Feature idea: Allow a Task to define its maximum number of concurrent jobs

juledwar commented 3 years ago

I am aware of the named queues into which you can direct Tasks (and thusly limit the number of workers for that queue), but this doesn't quite fit my use case because it involves some painful restructuring of workers, and also would leave some workers idle while there are large queues elsewhere.

What would be really useful is to be able to pass a max_concurrent or similar to the Task so that it won't run more than that many concurrently.

Happy to pitch in and help fix this if you like the idea.

NicolasLM commented 3 years ago

This is an interesting use case, I see a few different directions we could take to tackle it.

Could you describe the problem you are currently facing in more detail? I want to make sure it is not due to the fact that tasks and workers are attached to a single queue at a time.

juledwar commented 3 years ago

Sure thing. Basically I have a Task that goes off and connects to a service on the Internet and does some reasonably heavyweight operations and downloads. That Task could potentially get queued up 100s of times, and I don't want to overwhelm the Internet services with huge numbers of concurrent Tasks - otherwise known as a DoS.

My workers are all threads inside my k8s-deployed app servers, to make it all nice and simple. To have separate workers for some queues would be not only an awkward change, it could leave a lot of workers idle when we have other large queues of jobs waiting. Conversely, if I put the 100s of downloads into a single queue, it will block other jobs.

Hope this makes sense.

NicolasLM commented 3 years ago

Got it, that's helpful. That is basically an issue about locking, a feature that has been on my mind for a while.

In my experience with other task queues there are multiple approaches to the problem:

Preventing adding a task to the queue if a similar one is already there or is already running.
Allowing to add the same task multiple times to the queue but giving them to workers one by one
Allowing to add the same task multiple times to the queue, giving them to workers as soon as they are ready but raising a TaskAlreadyRunningError.

A few questions:

What is the expected behavior when 100 tasks are scheduled at the same time?
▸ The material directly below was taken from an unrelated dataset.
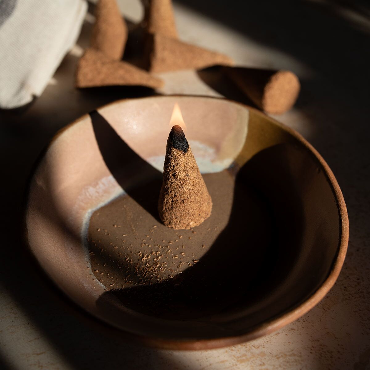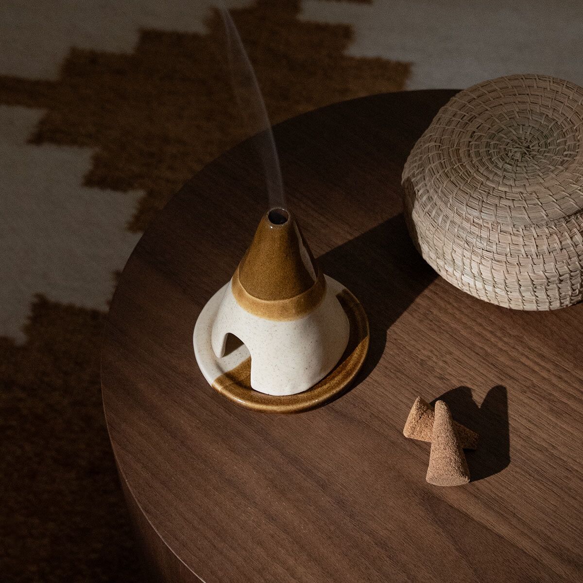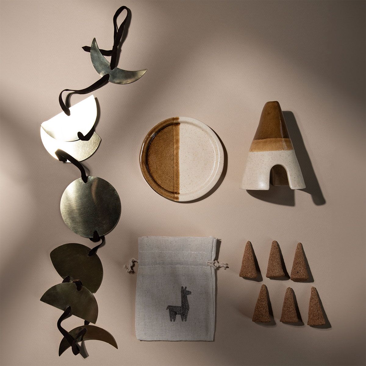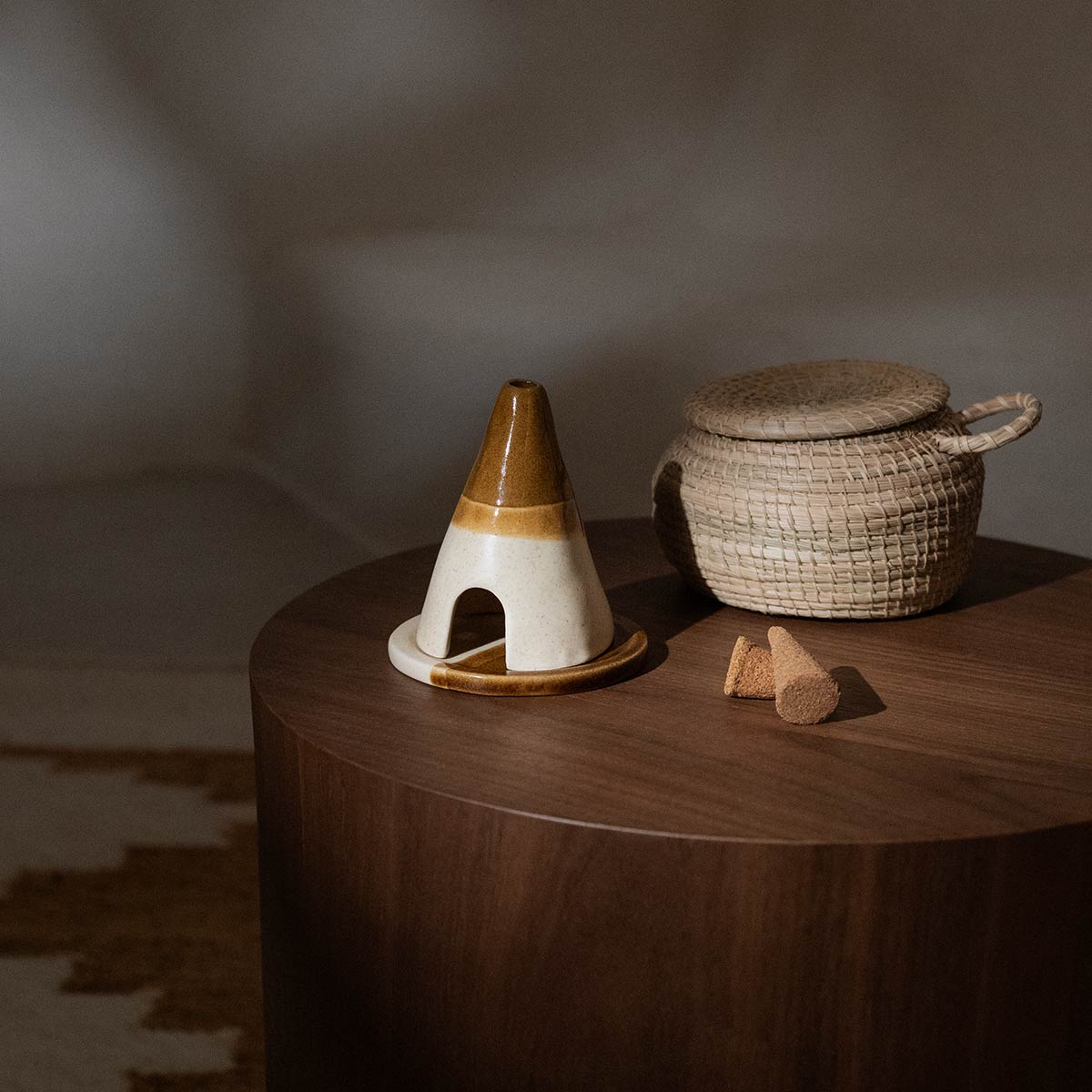 - 1 porte-encens : Réalisé à la main, ce porte-encens en forme de tipi est une pièce unique. Son design épuré et sa touche bohème en font un véritable objet de décoration, en plus d’un accessoire pratique pour brûler vos cônes d’encens en toute élégance.

Should the task run just once or 100 times but one at a time?
Do you see a use case for max_concurrent > 1?

For the sake of discussion, there is also a use case I would like to support: limiting concurrency based on task arguments.

@spin.task(name='sync_with_server')
def sync_with_server(server_name: str, *args, **kwargs):
    # The task should be able to synchronize concurrently multiple servers,
    # but never the same server at the same time.
    pass

Finally, I'm working on #5 which I think is a prerequisite for this feature because one worker dying holding some kind of task lock should not prevent running the task forever.

juledwar commented 3 years ago

I think you cover many different desirable outcomes depending on a user's use case. Having a TaskAlreadyRunningError would be pretty handy for some of mine, actually.

What is the expected behavior when 100 tasks are scheduled at the same time? Should the task run just once or 100 times but one at a time? Do you see a use case for max_concurrent > 1?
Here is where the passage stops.